Phone scanning and data extraction company Cellebrite is facing the prospect of app makers being able to hack back at the tool, after Signal revealed it was possible to gain arbitrary code execution through its tools.

Cellebrite tools are used to pull data out of phones the user has in their possession.

“By including a specially formatted but otherwise innocuous file in an app on a device that is then scanned by Cellebrite, it’s possible to execute code that modifies not just the Cellebrite report being created in that scan, but also all previous and future generated Cellebrite reports from all previously scanned devices and all future scanned devices in any arbitrary way (inserting or removing text, email, photos, contacts, files, or any other data), with no detectable timestamp changes or checksum failures,” Signal CEO Moxie Marlinspike wrote.

“This could even be done at random, and would seriously call the data integrity of Cellebrite’s reports into question.”

Usually, when vulnerabilities of this type are found, the issue is disclosed to the maker of the software to fix, but since Cellebrite makes a living from undisclosed vulnerabilities, Marlinspike raised the stakes.

“We are of course willing to responsibly disclose the specific vulnerabilities we know about to Cellebrite if they do the same for all the vulnerabilities they use in their physical extraction and other services to their respective vendors, now and in the future,” he said.

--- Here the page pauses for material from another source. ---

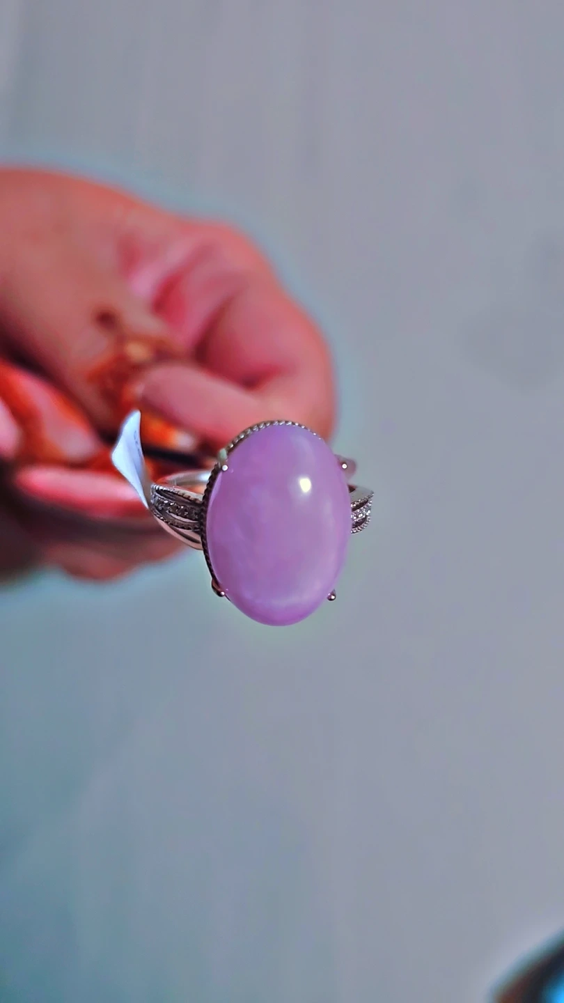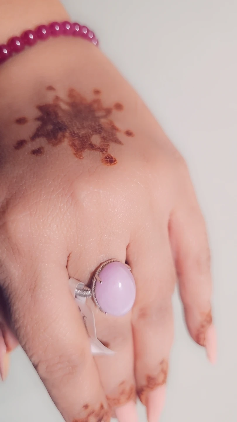 This beautiful ring features a large, smooth pink purple kunzite gemstone set in a sterling silver S925 band. It's accented with small, clear stones around the main gem. The band has a lovely textured detail. It's a real eye-catcher! -Spiritual: Opens the heart chakra connects mind and heart promotes divine love, kindness, and self-worth.

The Signal CEO said that Cellebrite contains “many opportunities for exploitation” and he thought they should have been more careful when creating the tool.

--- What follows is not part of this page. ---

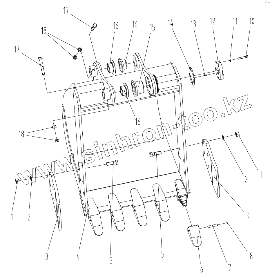Каталог запасных частей к технике: XCMG XE80. 310400070 Bucket (0.34m3, 750mm)

For instance, Cellebrite bundles FFmpeg DLLs from 2012. Since that year, FFmpeg has had almost 230 vulnerabilities reported.

Marlinspike also pointed out that Cellebrite is bundling two installers from Apple to allow the tools to extract data when an iOS device is used.

“It seems unlikely to us that Apple has granted Cellebrite a license to redistribute and incorporate Apple DLLs in its own product, so this might present a legal risk for Cellebrite and its users,” he said.

In a video dripping with references to the movie Hackers, Marlinspike showed an exploit in action, before rattling a sabre in the direction of Cellebrite.

“In completely unrelated news, upcoming versions of Signal will be periodically fetching files to place in app storage. These files are never used for anything inside Signal and never interact with Signal software or data, but they look nice, and aesthetics are important in software,” he said.

“We have a few different versions of files that we think are aesthetically pleasing, and will iterate through those slowly over time. There is no other significance to these files.”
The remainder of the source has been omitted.